Cybernews researchers found an exposed Elasticsearch cluster on June 12th containing 24 billion records and more than 8.3 terabytes of data. They triple-checked the numbers. The numbers held up.
“The vast majority of the 24 billion exposed records, our researchers believe, were infostealer logs. In other words, stolen usernames, passwords, and services that these credentials were supposed to grant access to.” reads the report published by Cybernews. “The credential data leak is dangerous simply because of its enormous size. Since the data leaked online, billions of affected accounts are at serious risk of takeovers, especially if they are not protected with multi-factor authentication,” the team explained.”
The vast majority of records were infostealer logs: usernames, email addresses, and plaintext passwords, each credential saved separately alongside the URL it was supposed to unlock. Twenty-four billion is not a typo.
The data came from 36 distinct sources. Over 1.7 billion records traced back to Telegram channels, most of them openly involved in cybercrime and trading stolen credentials. More than 30 of the 36 sources were Telegram channels, with records ranging from a few thousand to hundreds of millions each, written in English and Russian.

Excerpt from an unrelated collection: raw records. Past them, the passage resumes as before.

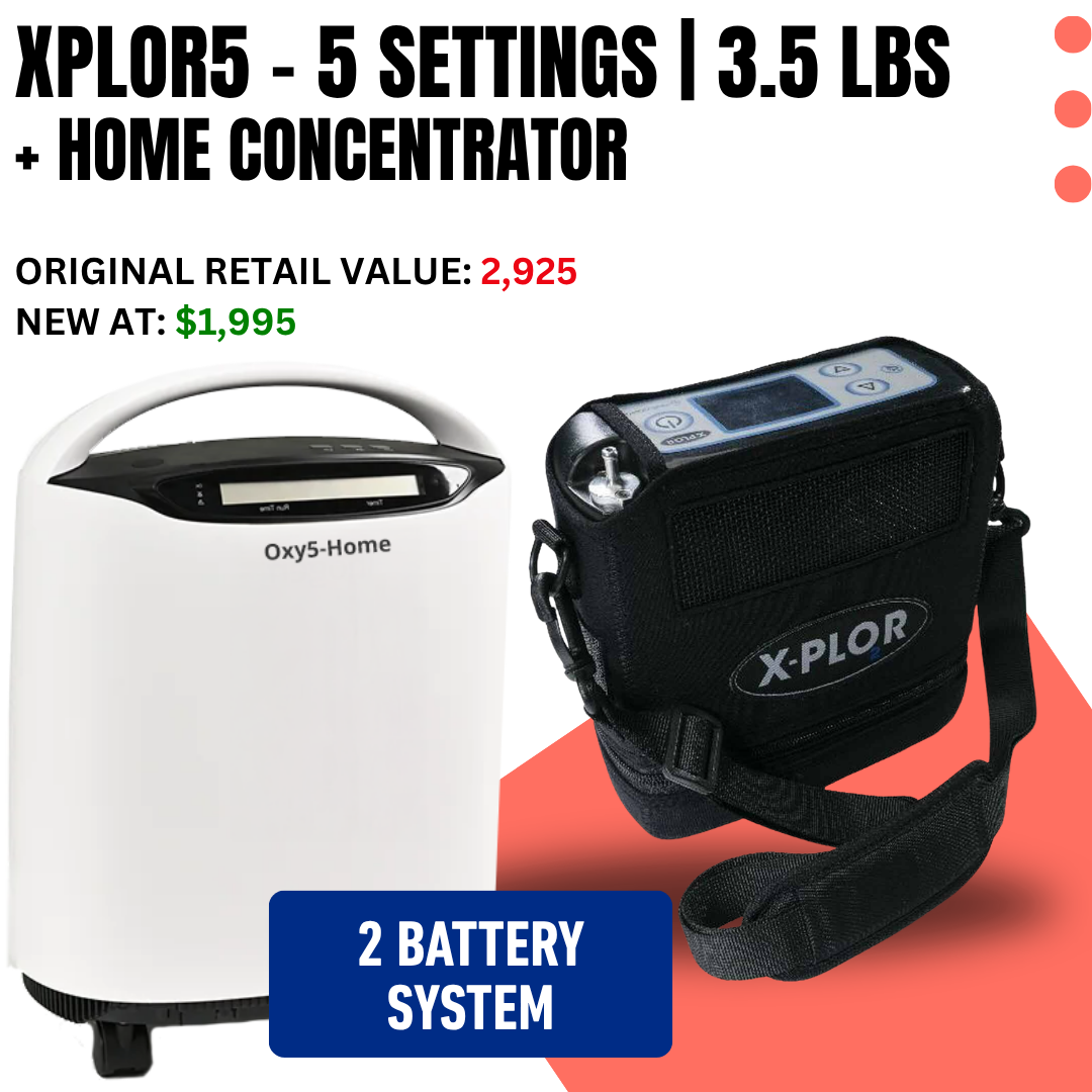 The X-PLOR Portable Oxygen Concentrator combines lightweight design with powerful performance to give you freedom and peace of mind. Weighing only 3.5 pounds, it’s compact and easy to carry—perfect for staying active at home, running errands, or traveling plus it's FAA Approved.
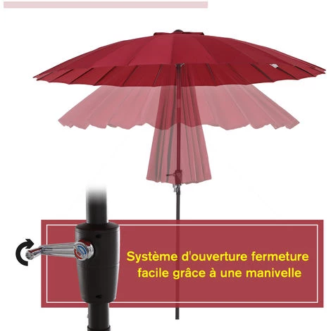 – Parasol rond inclinable de 2,6 m de diamètre et 2,4 m de hauteur
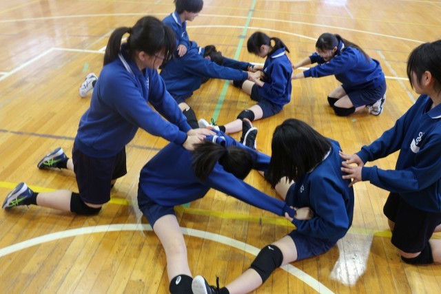 新年度になり、今日も屋運からバレーボール部の元気な声が聞こえてきました。とにもかくにも運動は柔軟(ストレッチ)体操から。今日もけがなくバレーの技術を磨いてほしいと思います。
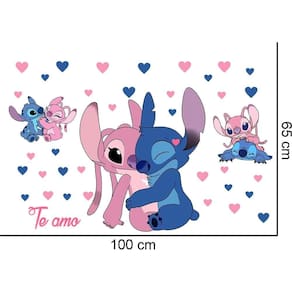 Adesivo de parede stitch e angel Medida: 100 x 65 cm As imagens anunciadas são ilustrativas Tamanho do adesivo O adesivo da foto parece grande Então atenção: O modelo que está na foto não se refere ao tamanho do adesivo anunciado. deixamos o adesivo grande para que você possa visualizar melhor o produto que está comprando
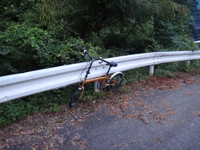 登山口に置いておいた自転車に乗って、車を目指す。 車までは下り坂が3kmちょっと。 6分程度で到着。 こんなに近いとは!
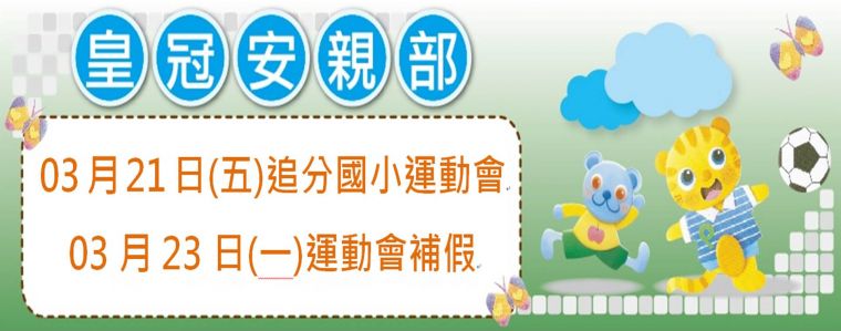 03月21日(五)追分國小運動會,03月23日(一)運動會補假
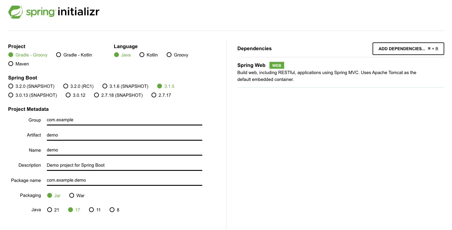 1. spring initializr에 접속 후 원하는 스펙을 선택 후 프로젝트 파일 다운로드
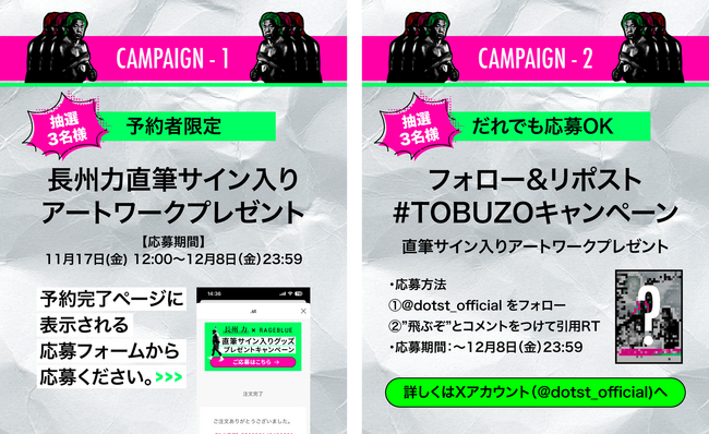 11月17日(金)よりドットエスティにて予約販売開始~長州さんサイン入りアートワークが当たるプレゼントキャンペーンも実施~
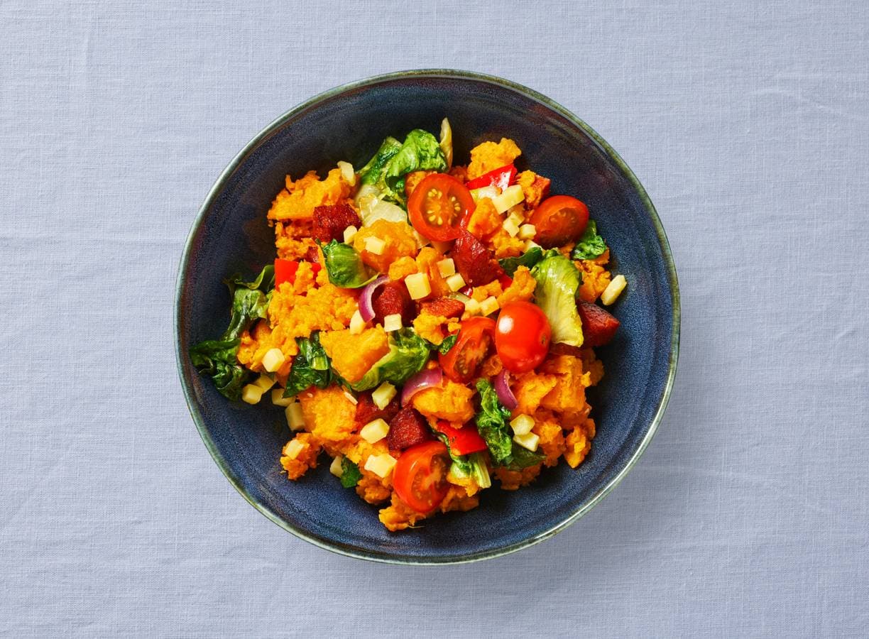 Een stamppot van zoete aardappel met paprika en sperziebonen. Met het verspakket van Albert Heijn heb je, op de rookworst na, alles in één keer in huis!
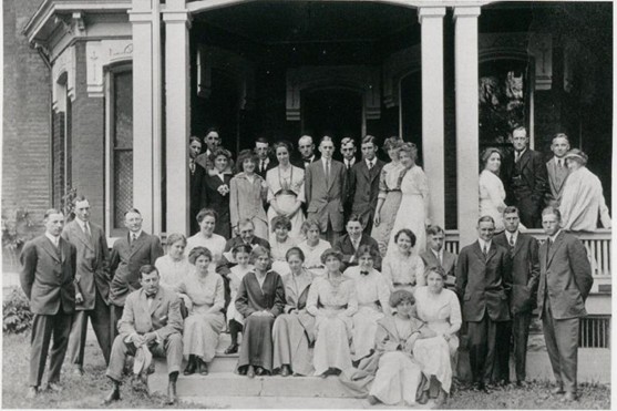 Alumni, spouses, members, and girlfriends of Iowa State College Sigma Nu Fraternity and their spouses gathered at the fraternity house at 905 Douglas Avenue. The house had been the former residence of George G. and Lydia C. Tilden and their children. In 1904, it became the house of the Sigma Nu chapter that had just formed at Iowa State College.

The biggest chunk, 22.6 billion records, came from what the owner labeled “collections.” That term is deliberately vague.
“A staggering 22.6 billion records supposedly came from what the data owner named “collections.” These records could come from various infostealer collections previously leaked online, or they may indicate that the records are grouped by the services they are supposed to provide unauthorized access to.” continues the report. “Since the data was taken out of public view soon after the discovery, our researchers could not further investigate the origin of the information within the so-called “collection” source.”
Because the database was taken offline shortly after discovery, researchers couldn’t dig further into what’s actually inside those collections.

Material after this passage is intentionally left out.